[英]How to extract numbers from a list of strings?
我應該如何僅從
a = ['1 2 3', '4 5 6', 'invalid']
我努力了:
mynewlist = [s for s in a if s.isdigit()]
print mynewlist
和
for strn in a:
values = map(float, strn.split())
print values
兩者都失敗了,因為數字之間有空格。
注意:我試圖實現輸出為:
[1, 2, 3, 4, 5, 6]
我認為您需要將list
中的每個項目作為空格上的拆分字符串處理。
a = ['1 2 3', '4 5 6', 'invalid']
numbers = []
for item in a:
for subitem in item.split():
if(subitem.isdigit()):
numbers.append(subitem)
print(numbers)
['1', '2', '3', '4', '5', '6']
或者在一個整潔的理解中:
[item for subitem in a for item in subitem.split() if item.isdigit()]
這應該適用於您的特定情況,因為您在列表中包含一個字符串。 因此,您需要將其展平:
new_list = [int(item) for sublist in a for item in sublist if item.isdigit()]
假設列表只是字符串:
[int(word) for sublist in map(str.split, a) for word in sublist if word.isdigit()]
借助套裝,您可以:
>>> a = ['1 2 3', '4 5 6', 'invalid']
>>> valid = set(" 0123456789")
>>> [int(y) for x in a if set(x) <= valid for y in x.split()]
[1, 2, 3, 4, 5, 6]
僅當字符串由valid
集合中的字符組成時,這將包括字符串中的數字。
mynewlist = [s for s in a if s.isdigit()]
print mynewlist
不起作用,因為您正在迭代數組的內容,該數組由三個字符串組成:
這意味着您必須在每個字符串上再次迭代。
你可以嘗試類似的東西
mynewlist = []
for s in a:
mynewlist += [digit for digit in s if digit.isdigit()]
一種襯墊解決方案:
new_list = [int(m) for n in a for m in n if m in '0123456789']
有很多選項可以從字符串列表中提取數字。
假定字符串的一般列表如下:
input_list = ['abc.123def45, ghi67 890 12, jk345', '123, 456 78, 90', 'abc def, ghi'] * 10000
如果不考慮轉換成整數,
def test_as_str(input_list):
output_list = []
for string in input_list:
output_list += re.findall(r'\d+', string)
return output_list
%timeit -n 10 -r 7 test_as_str(input_list)

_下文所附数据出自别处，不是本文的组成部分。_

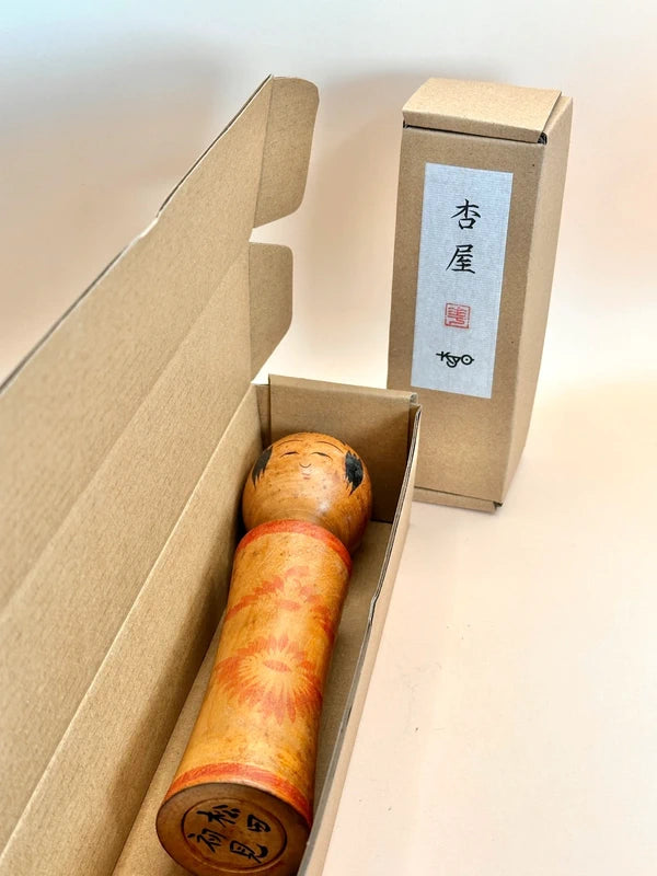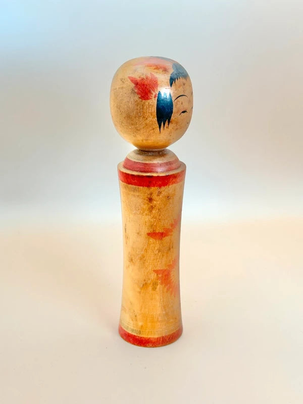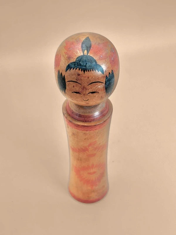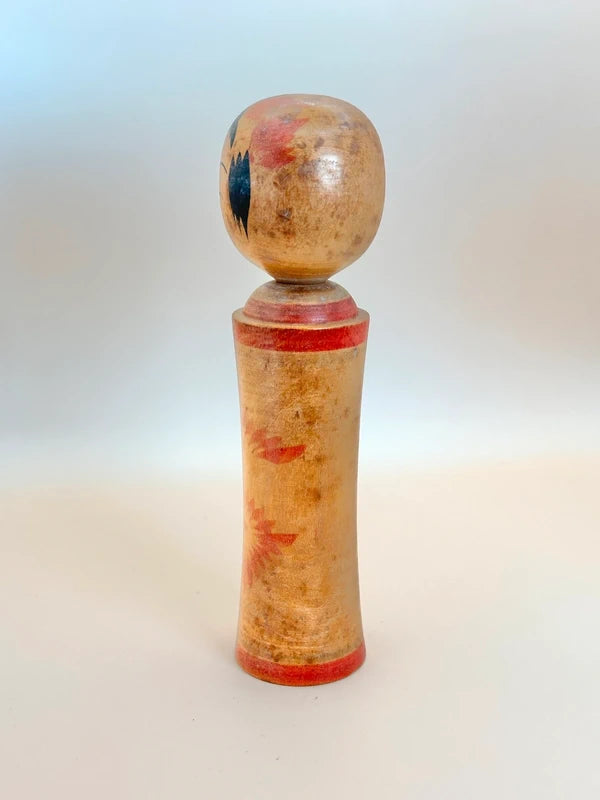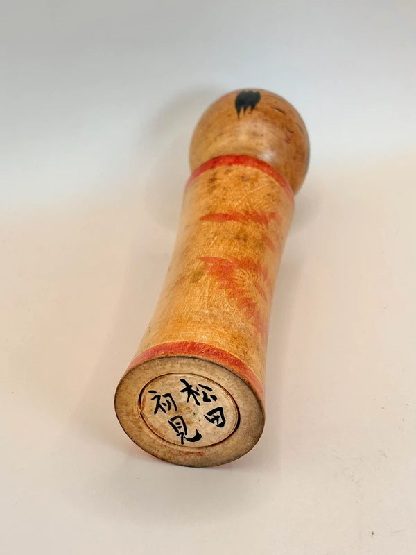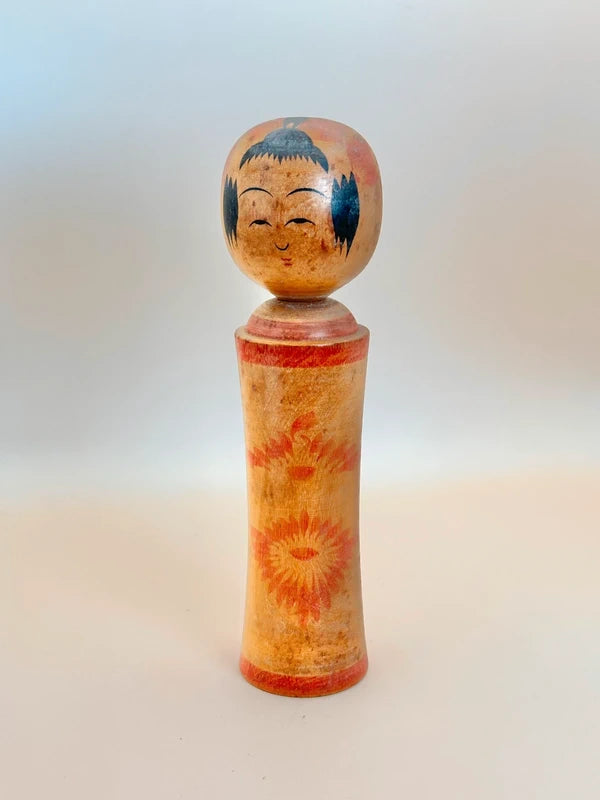 A Naruko-style kokeshi was crafted by master artisan Matsuda Hatsumi 松田初見, one of the key post-Meiji period kokeshi makers of Naruko Onsen. The doll features the classic Naruko silhouette with its gently curving body, prominent neck ring, and rounded head. Its serene expression is framed by distinct side-parted hair, and the face is adorned with fine, balanced brushstrokes. The body is decorated with characteristic sunburst chrysanthemum patterns in rich reds and soft orange tones, slightly faded with time, adding to its nostalgic charm.

> 37.6 ms ± 168 µs per loop (mean ± std. dev. of 7 runs, 10 loops each)
def test_as_str(input_list):
output_list = []
[output_list.extend(re.findall(r'\d+', string)) for string in input_list]
return output_list
%timeit -n 10 -r 7 test_as_str(input_list)
> 39.5 ms ± 118 µs per loop (mean ± std. dev. of 7 runs, 10 loops each)
def test_as_str(input_list):
return list(itertools.chain(*[re.findall(r'\d+', string) for string in input_list]))
%timeit -n 10 -r 7 test_as_str(input_list)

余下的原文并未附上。